The \(x\)-coordinate where the maximum occurs can be found
programmatically, and the corresponding value of \(\hat{f}(x)\) can be
computed using point predictions as follows:

```{r}
interval <- seq(0, 100, by = 0.1)
points_fd <- mod_1 |>
  predict(x = interval, type = "fd") |>
  group_by(uid) |>
  summarise(
    max_fd = max(predicted.value),
    argmax_fd = x_new[which.max(predicted.value)]
  )
points_fd |> kable()
```
```{r, fig.alt="plot deriv" , fig.width= 8}
mod_1 |>
  plot(id = plots, type = 3) +
  color_palette(palette = "jco") +
  geom_vline(data = points_fd, aes(xintercept = argmax_fd), linetype = 2) +
  geom_label(data = points_fd, aes(x = argmax_fd, y = 0, label = argmax_fd)) +
  facet_wrap(~uid) +
  theme(legend.position = "none")
```
```{r}
points_fd$y_hat <- sapply(
  X = plots,
  FUN = \(i) {
    mod_1 |>
      predict(x = points_fd[points_fd$uid == i, "argmax_fd"], id = i) |>
      pull(predicted.value)
  }
)
points_fd |> kable()
```


```{r, fig.alt="plot points" , fig.width= 8}
mod_1 |>
  plot(id = plots, type = 3) +
  color_palette(palette = "jco") +
  geom_point(data = points_fd, aes(x = argmax_fd, y = y_hat), shape = 8)
```


### 4.2. Second derivative

Similarly, the second derivative can be calculated by setting `type = "sd"`. 
This derivative shows how the growth rate itself is changing, helping to determine
when growth starts to slow down or speed up. 
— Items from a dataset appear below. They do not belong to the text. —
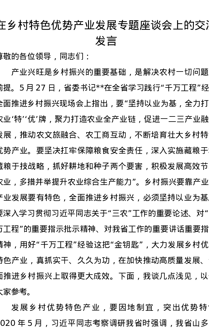 在乡村特色优势产业发展专题座谈会上的交流发言
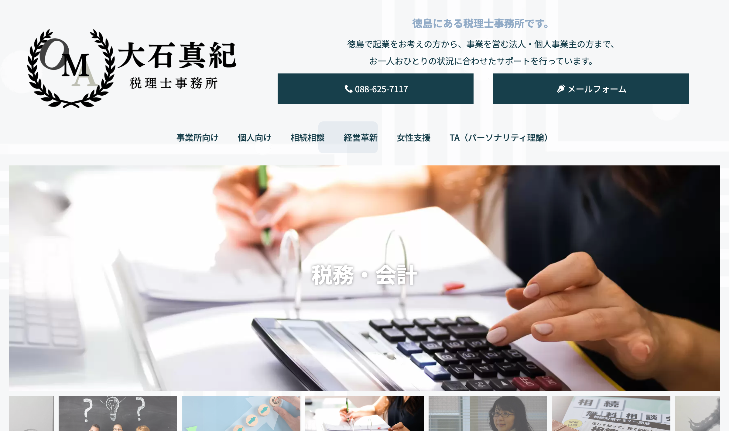 大石真紀税理士事務所は、「数字の先にある人の想い」に寄り添うことを大切にする、徳島市の地域に根ざした身近な税理士事務所です。起業から相続まで、人生と経営を支える税の専門家として、法人・個人事業主、個人の方のお一人おひとりの状況に合わせた最適なサポートを行っています。実務経験豊富なメンバーが、TA(パーソナリティ理論)を活用した「人を活かす経営」支援など、幅広い分野に対応しています。
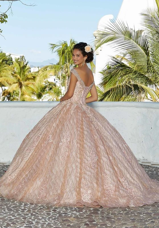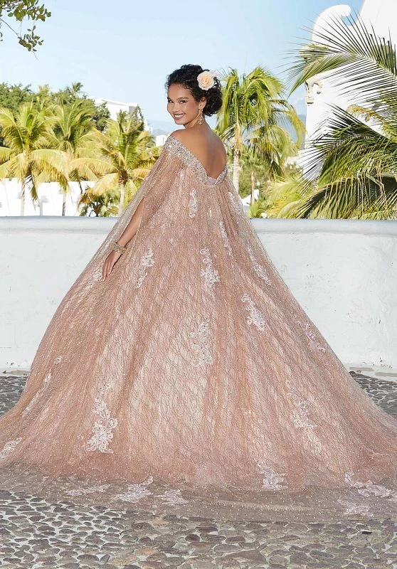 Mori Lee Vizcaya 89357 blush rosegold quince gown features a beaded embroidered bodice with a portrait neckline, a laced-up back and a removable cape. The basque waist gives way to the glitter tulle ball skirt, jazzed up with lace appliques and beadwork, and finished with a horsehair hem and sweep train. Set includes a matching stole.
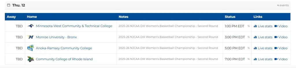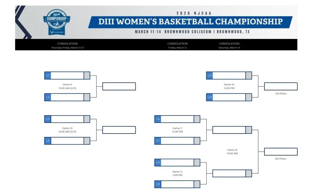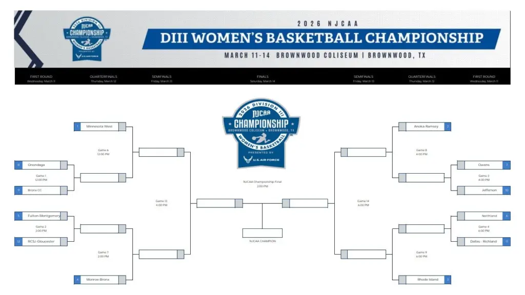 Brackets set for NJCAA DIII Women’s Basketball National Championship tournament at Coliseum March 11-14
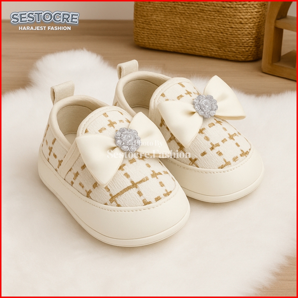 Sepatu Anak Bayi Perempuan Prewalker Rajut Pita Lucu Kekinian Usia 0 - 12 Bulan Terbaru - Baby Shoes Prewalker - Sepatu
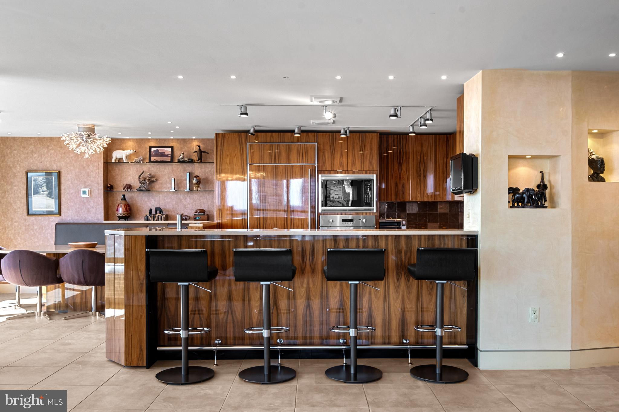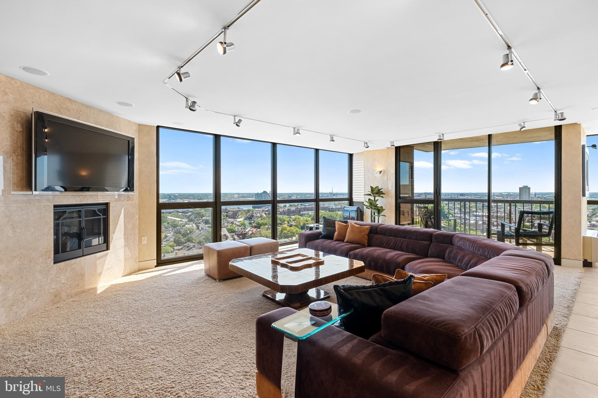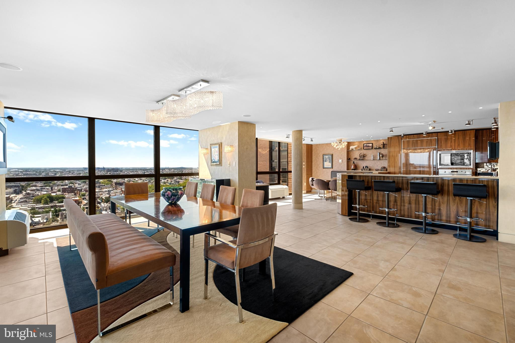 Exceptional residence spanning nearly 4,000ft2 on the 20th floor of Independence Place Condominium on Washington Square Park. Several units were gutted/combined and completely reimagined as this one-of-a-kind home. Floor to ceiling windows and three exposures (South/East/North) allow for incredible natural light and panoramic views. Flexible, open floor plan designed for both larger scale entertaining and more casual, everyday living. The most extraordinary features/finishes throughout, including venetian plaster walls, custom cabinetry, millwork, lacquered wood paneling, doors/trim, integrated lutron lighting system, and recessed baseboard detail. Gallery entry opens to custom kitchen w/ every conceivable amenity:counter seating for four, custom cabinetry, Wolf induction cooktop, paneled subzero refrigerator, metallic Walker Zanger tiled backsplash, breakfast area w/ built-in banquette, and separate office nook. Ktichen opens to dining and living spaces with South and East views, corner fireplace, and wet-bar/walk-in pantry area with under-counter wine storage and refrigerated drawers. Down the hall, two well proportioned bedrooms share a newer, contemporary hall bath. The over-the-top primary suite is outfit with custom furnishings to accentuate southern views, a second fireplace, and features two walk-in closet/dressing areas, two natural stone clad en suite bathrooms w/ steam shower, jetted tub and frameless glass enclosures, a separate lounge area, and an additional gym/studio space with sauna and kitchenette. Thoughtful laundry area w/ full size, side-by-side machines and custom cabinetry is cleverly hidden behind a sliding door system. Private terraces off the living space and primary suite. Remote controlled custom window treatments and Sonos audio throughout. No expense was spared, and every detail has been thoughtfully considered in design/construction. Residents of Independence Place enjoy 24-hour door staff and concierge, newly redesigned lobby, state-of-the-art fitness center, and on-site parking garage with direct lobby access (additional monthly fee). Close proximity to Philadelphia's premier dining, shopping, lifestyle and cultural institutions. Easy highway access into/out of the city.
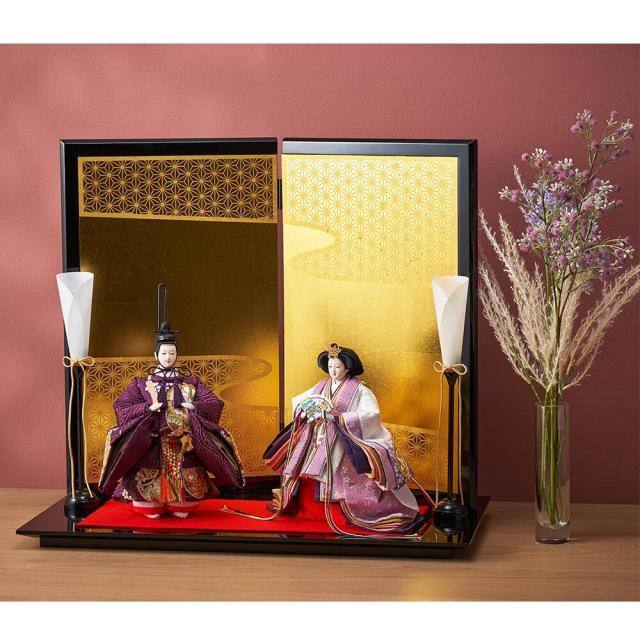 趣のある麻の葉文様を描いた高級感のある屏風に、紫と白のコントラストが素敵な男雛と女雛が上品に映えます。
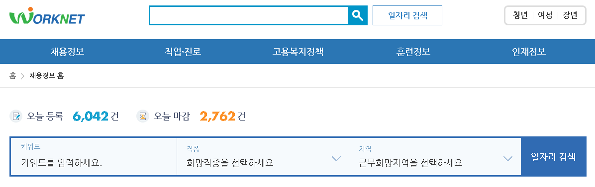워크넷 구인구직에 관련된 정보를 확인하기 위해서는 채용정보 페이지로 이동하시면 되는데요. 오늘 등록된 일자리와 마감된 정보 그리고 키워드/직종/지역별로 일자리를 검색하실 수 있습니다.

```{r, fig.width= 8, fig.height=4, fig.alt="plot 2 deriv"}
plot(mod_1, id = plots, type = 6, color = "blue", add_ci = FALSE)
```

We can also identify where the second derivative reaches its maximum and minimum 
values, and plot these changes for a deeper understanding of the growth dynamics.

```{r}
points_sd <- mod_1 |>
  predict(x = interval, type = "sd") |>
  group_by(uid) |>
  summarise(
    max_sd = max(predicted.value),
    argmax_sd = x_new[which.max(predicted.value)],
    min_sd = min(predicted.value),
    argmin_sd = x_new[which.min(predicted.value)]
  )
points_sd |> kable()
```

```{r, fig.alt="plot deriv 2" , fig.width= 8}
mod_1 |>
  plot(id = plots, type = 3) +
  color_palette(palette = "jco") +
  geom_vline(data = points_sd, aes(xintercept = argmax_sd), linetype = 2) +
  geom_vline(data = points_sd, aes(xintercept = argmin_sd), linetype = 2) +
  facet_wrap(~uid) +
  theme(legend.position = "none")
```

## 5. Conclusions

The `predict.modeler()` function, as part of the modeling toolkit, offers a 
range of useful predictions that can be tailored to various needs—whether it's
making point estimates, exploring the area under a curve, or analyzing derivatives.
While the examples presented here showcase the flexibility and power of the 
function, they are just the beginning. Every dataset and research question 
brings its own unique challenges, and we hope this vignette demonstrates how 
`predict.modeler()` can help address those.